I had nothing, so nothing came to me. Even through my blood, I could see he was a Samaritan. But in his eyes were my tears.

If only he had cursed, thrown me on his animal, dropped me in a heap at an inn and went on his way with a slur, “More than you would have done for me.” But he cleaned me like a mother bathes a child, rubbed oil in my wounds, tore his own robe for bandages. He put me on his donkey and walked beside it, steadying me. At the inn he laid me on a cot and placed blankets over me. I could hear him paying the innkeeper and saying he would be back to take care of me if it was needed. All that time — that endless time — he never spoke to me. Except for the tears.

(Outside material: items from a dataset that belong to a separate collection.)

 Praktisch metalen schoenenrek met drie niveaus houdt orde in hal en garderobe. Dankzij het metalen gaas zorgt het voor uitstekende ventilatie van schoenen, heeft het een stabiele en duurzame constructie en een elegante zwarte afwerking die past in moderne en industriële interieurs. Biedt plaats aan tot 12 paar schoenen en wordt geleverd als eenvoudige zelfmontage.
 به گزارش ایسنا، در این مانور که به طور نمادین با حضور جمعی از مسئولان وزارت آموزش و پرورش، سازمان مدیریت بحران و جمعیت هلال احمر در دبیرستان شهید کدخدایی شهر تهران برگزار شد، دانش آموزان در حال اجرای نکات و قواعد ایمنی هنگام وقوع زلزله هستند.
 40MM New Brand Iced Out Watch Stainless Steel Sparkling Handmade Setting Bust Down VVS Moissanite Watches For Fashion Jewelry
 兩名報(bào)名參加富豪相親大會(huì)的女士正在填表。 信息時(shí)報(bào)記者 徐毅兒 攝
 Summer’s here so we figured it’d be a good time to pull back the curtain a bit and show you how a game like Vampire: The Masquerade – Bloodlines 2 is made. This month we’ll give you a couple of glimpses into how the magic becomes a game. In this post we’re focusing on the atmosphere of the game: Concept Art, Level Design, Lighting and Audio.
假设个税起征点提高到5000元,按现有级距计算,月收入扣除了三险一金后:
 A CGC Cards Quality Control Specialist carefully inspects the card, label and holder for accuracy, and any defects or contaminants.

The next thing I knew, Jesus had me by the shoulders again. He, too, had my tears in his eyes. “Who proved neighbor to the one in need?” It was the only question I have ever heard that was not a test.

And for once I spoke, not worrying right from wrong, not breathless for approval. I uttered sounds that were not recitation. My sounds, halting, like a child speaking for the first time: “The one who showed mercy.”

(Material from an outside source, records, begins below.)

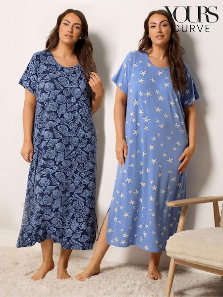 藍色 - Yours Curve Soft Touch Midaxi Nightdresses 2 Pack
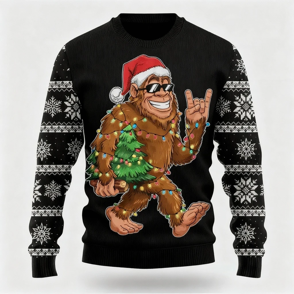 Funny Xmas Character Print - Ugly Christmas Icon Mash-Up Ugly Sweater
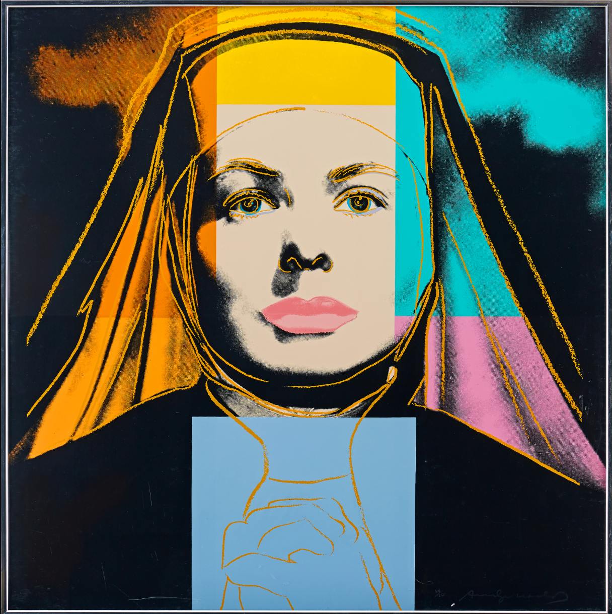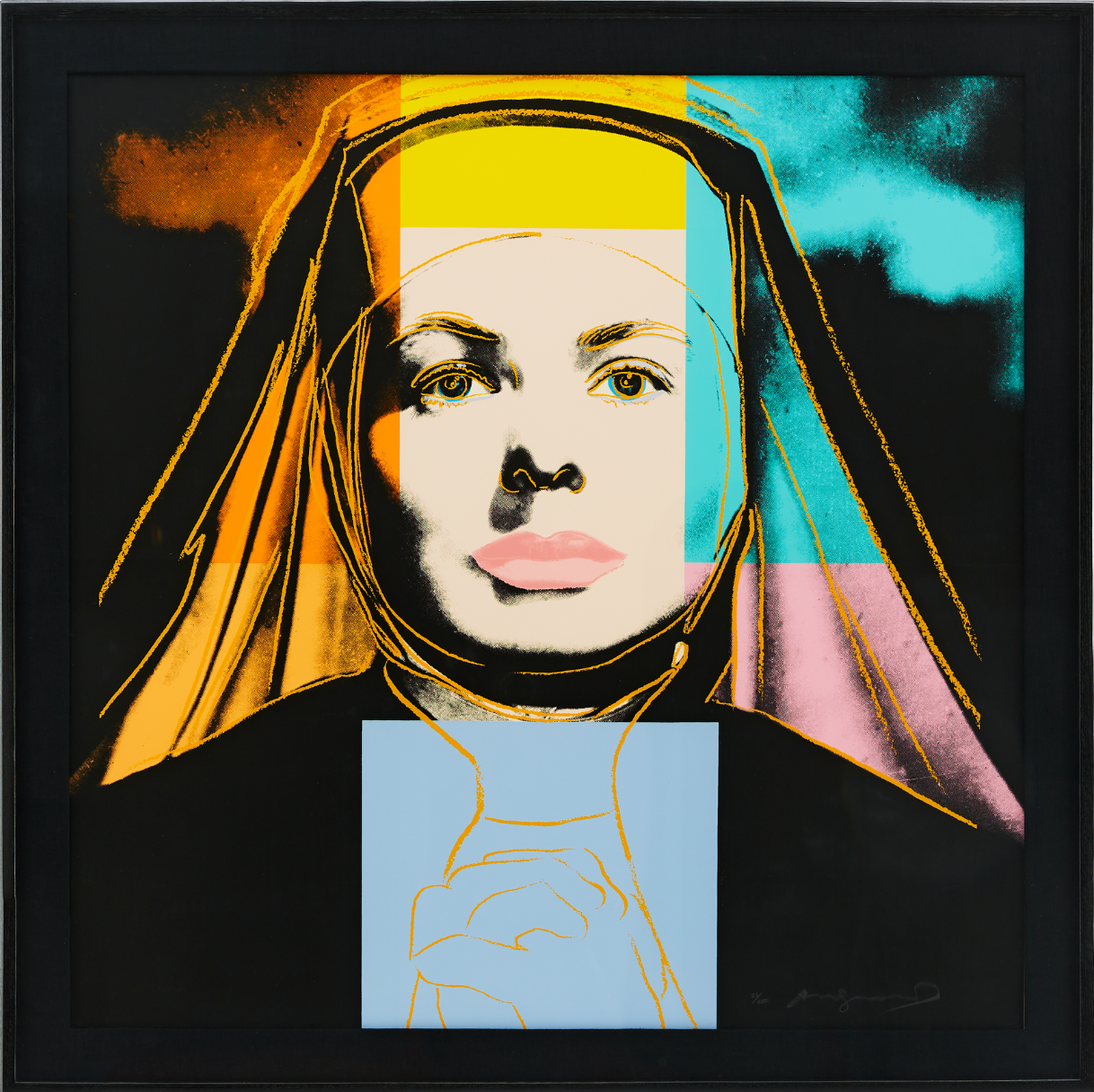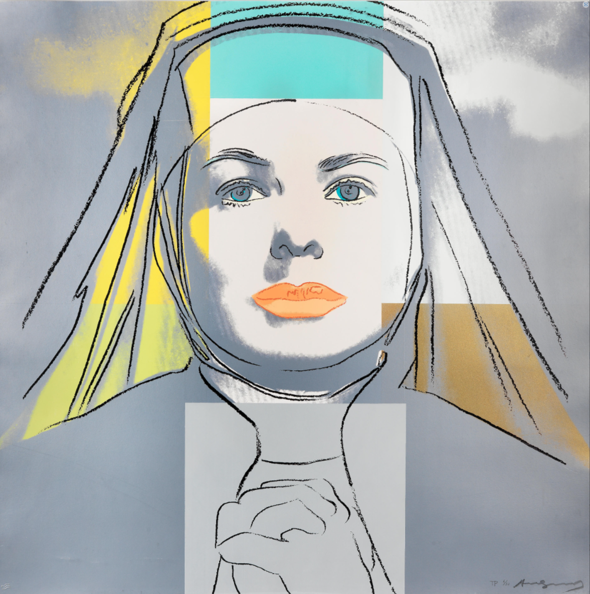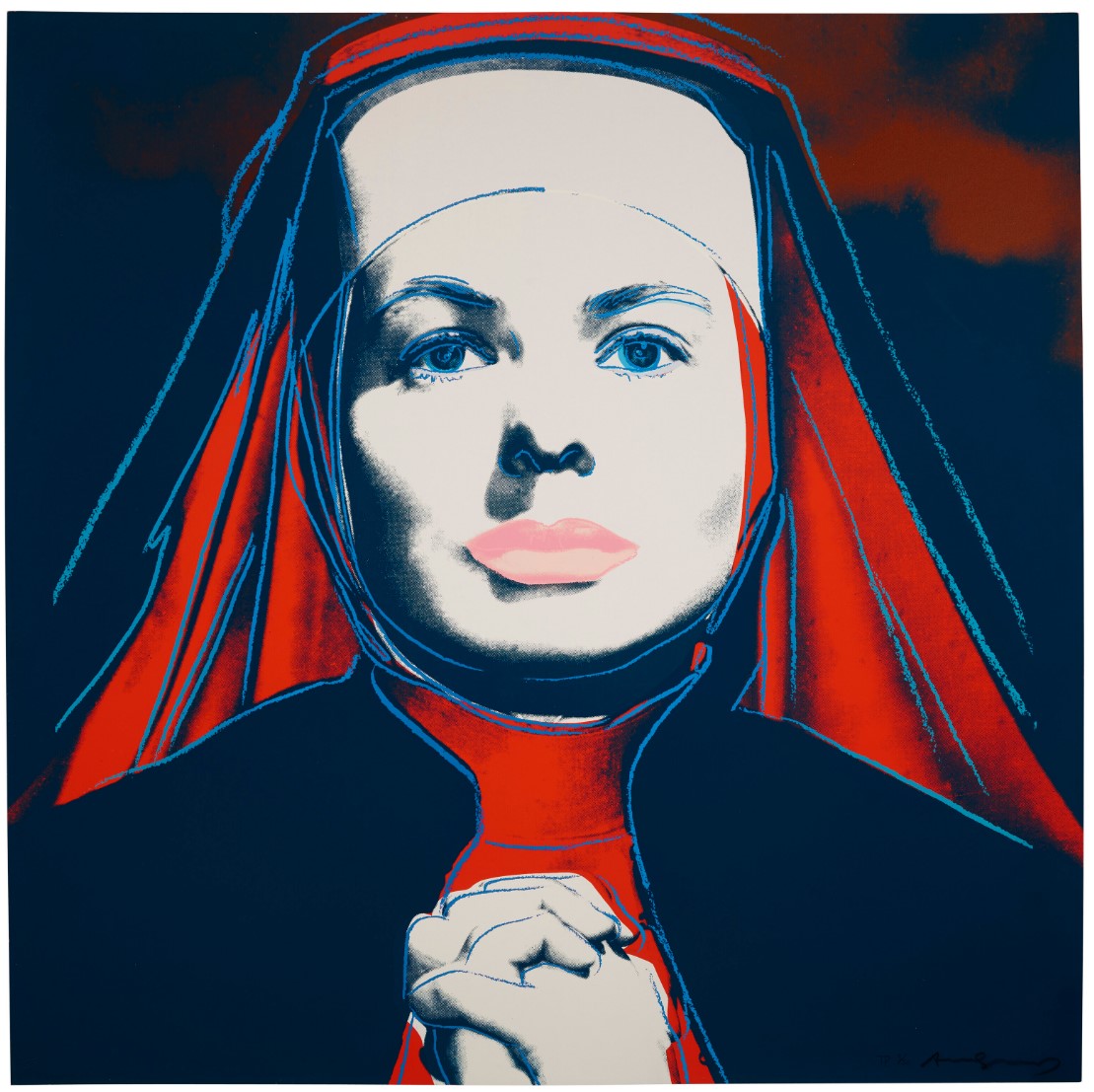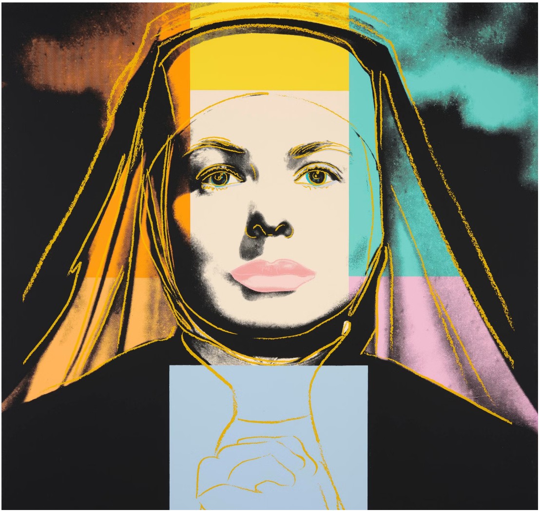 As well as adding his characteristic blocks of bright color Warhol picks out certain features with elegant colored lines that are reminiscent of his early career as a fashion illustrator. This is put to most striking effect in The Nun which sees Bergman’s famous features looking out at the viewer from behind the tight contours of a traditional nun’s wimple that only serves to make her seem more striking, if not a little distant. As well as the wimple, her face is also framed by blocks of bright color that conspicuously divert from the seriousness of her face and costume. Her lips are given a soft pink hue, not at all in keeping with her habit, while the menacing sky behind her is transformed by shades of orange and turquoise.

It is the moment of sight for the lawyer. He suddenly sees the world the way Jesus does from the perspective of the man in the ditch, where there are no Samaritans, Jews, Gentiles, priests, or lawyers. Only those who cry out and those who pass by.

Every last one of us travel that Jericho Road; every last one of us is the man in the ditch, because every last one of us (no matter how little we look it or no matter how surprised we might be to realize it) is half-dying for need of both treating and being treated the way people who are truly alive treat each other.

Jesus calls us to love and provide for others, regardless of whether they are Christian or non-Christian, white or black, clean or dirty, young or old, gay or straight. Jesus invites us to feed the hungry, provide for the thirsty, welcome the strangers, clothe the naked, look after the sick, visit the prisoners as if we were caring for Christ himself. And when we fall (and we will), Jesus acts as the Good Samaritan to those of us in the ditch, paying the price for our needs, no questions asked.

Each of us — at some time or another — will travel the Jericho Road. Be a neighbor. Love a neighbor. And in so doing, you will know the height and depth and breadth of the love of God.